Polarization-Aligned, Spectrally Consistent Quantum Emitters in As-Exfoliated Carbon-Doped Hexagonal Boron Nitride

TL;DR

This paper reports on the discovery of stable, spectrally consistent, and polarization-aligned quantum emitters in as-exfoliated carbon-doped hexagonal boron nitride, advancing scalable quantum photonic applications.

Contribution

It introduces a new class of quantum emitters in as-exfoliated carbon-doped hBN with stable emission energies and aligned dipoles, without requiring post-treatment.

Findings

Spectral stability with a standard deviation of 7 μeV.

Reproducible emission energy within 2.2825 ± 0.0042 eV.

Emitters observed in as-exfoliated hBN without post-treatment.

Abstract

Solid-state quantum emitters constitute an essential building blocks of integrated quantum photonic circuits. Among potential emitter platforms, hexagonal boron nitride (hBN) hosts single-photon emitters in an atomically thin lattice amenable to photonic integration.
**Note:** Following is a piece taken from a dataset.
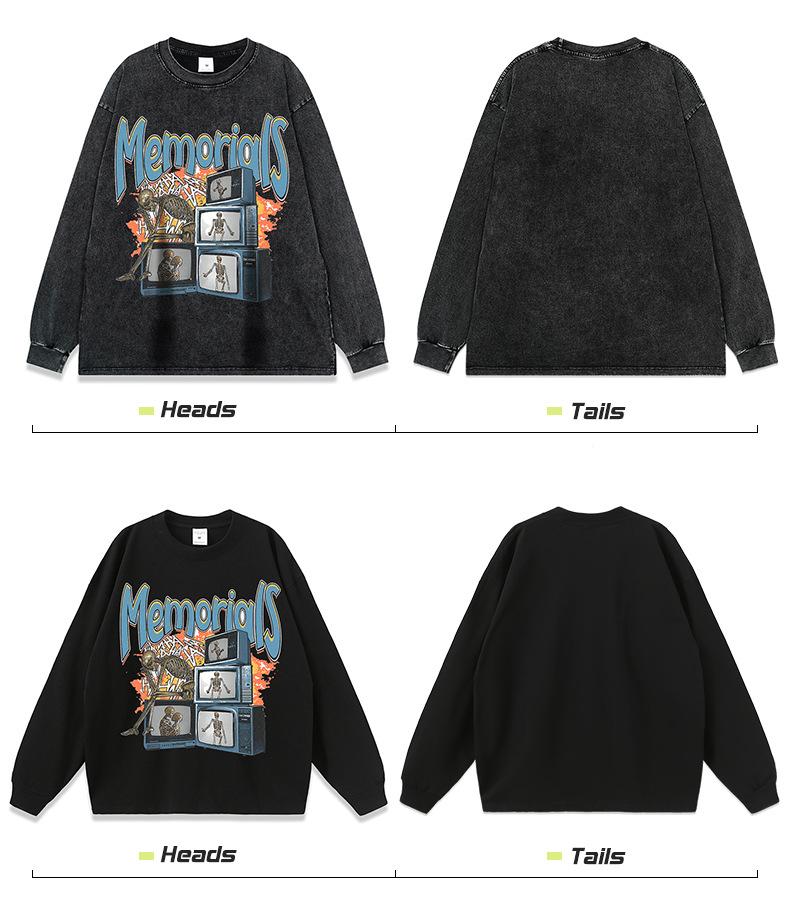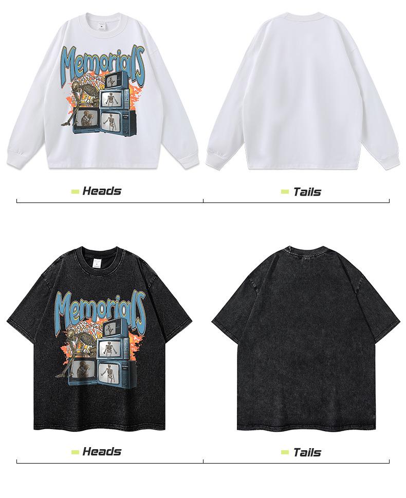 Compre Estilo americano hip hop retro dark skull print lavado angustiado homens soltos high street fashion marca hiphop manga curta camiseta no atacado no Joom.pro

However, multi-step fabrication approaches, limited defect specificity, and poor emission wavelength repeatability limit the performance of hBN quantum light sources relative to established solid-state architectures. Developing methods to induce emitters that are both suitable for planar photonic devices and that exhibit consistent optical properties remains a key objective. In this work, we identify quantum emitters in as-exfoliated carbon-doped hBN that exhibit both stable and repeatable emission energies together with polarization-aligned dipoles. Owing to the high lattice crystallinity, these single-photon light sources demonstrate exceptional spectral stability with a standard deviation of 7 ${\mu}$eV. The emission energy is reproducible and confined within a narrow range of 2.2825 ${\pm}$ 0.0042 eV. Notably, consistent dipole alignment for absorption and emission polarization suggests that the intrinsic defects are of the same nature. The color centers are observed in as-exfoliated hBN without any post-treatment, significantly facilitating further interfacing with planar photonic structures. These reproducible, polarization-aligned quantum emitters in as-exfoliated hBN provide a versatile platform for scalable integration, offering a pathway toward a broad range of quantum technologies.